Today, intelligent healthcare applications don't live at the edge of the business. They run the business; from closing care gaps proactively to powering real-time member engagement to ensuring regulatory compliance by design. But these applications demand a data foundation that most healthcare organizations have struggled to build: one that is standardized, governed, and accessible to every tool in the stack without moving data between systems.
What if your operational intelligence and your analytics capabilities were unified and truly interoperable, driving the same insights?
Healthcare's data landscape is uniquely complex. Patient information is spread across HL7v2 messages, C-CDA documents, X12 transactions, and proprietary formats, each system encoding the same clinical concepts differently. A single diagnosis may appear under multiple codes across multiple vocabularies. A single patient may exist as several records across several systems.

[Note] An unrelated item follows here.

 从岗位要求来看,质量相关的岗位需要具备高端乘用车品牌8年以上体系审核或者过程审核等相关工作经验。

The traditional approach to unifying this data involves standing up a FHIR server for interoperability, a separate data warehouse for analytics, and a web of ETL pipelines connecting the two. Each system maintains its own access controls, audit trails, and compliance posture.

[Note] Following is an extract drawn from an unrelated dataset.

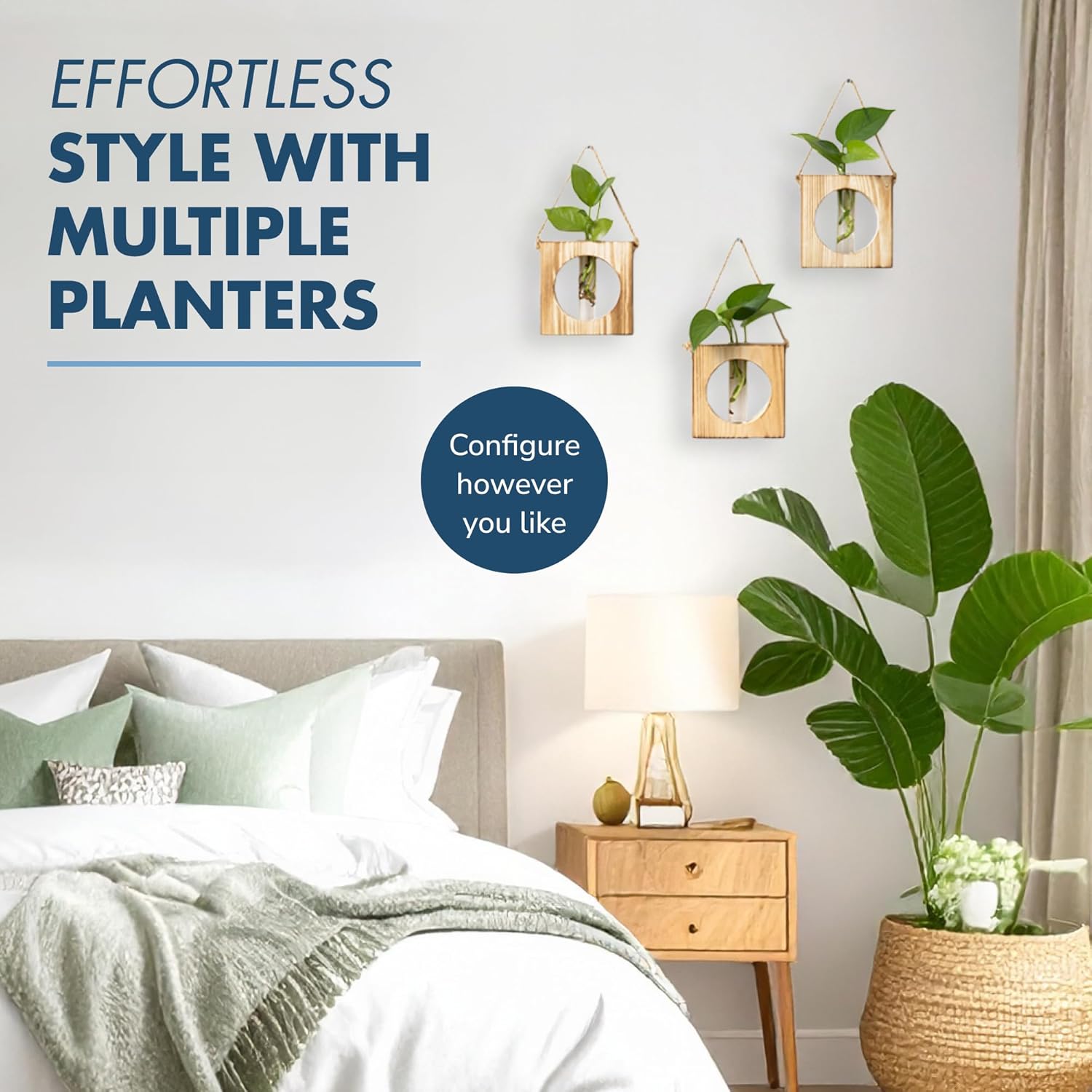 - Crafted from Natural Materials: Made from natural wood and glass, these propagated plant holders add a warm, organic touch to any room for a softer, greener, and more relaxing feel.

This duplication is costly. The same clinical data is replicated across the FHIR server, the warehouse, and multiple staging layers — each adding storage, compute, and operational overhead. Meanwhile, the FHIR server itself often becomes a bottleneck. Most implementations were designed for transactional use cases — document exchange, point lookups, regulatory APIs — not for the access patterns of modern analytics, ML pipelines, or AI agents that need to scan millions of resources efficiently.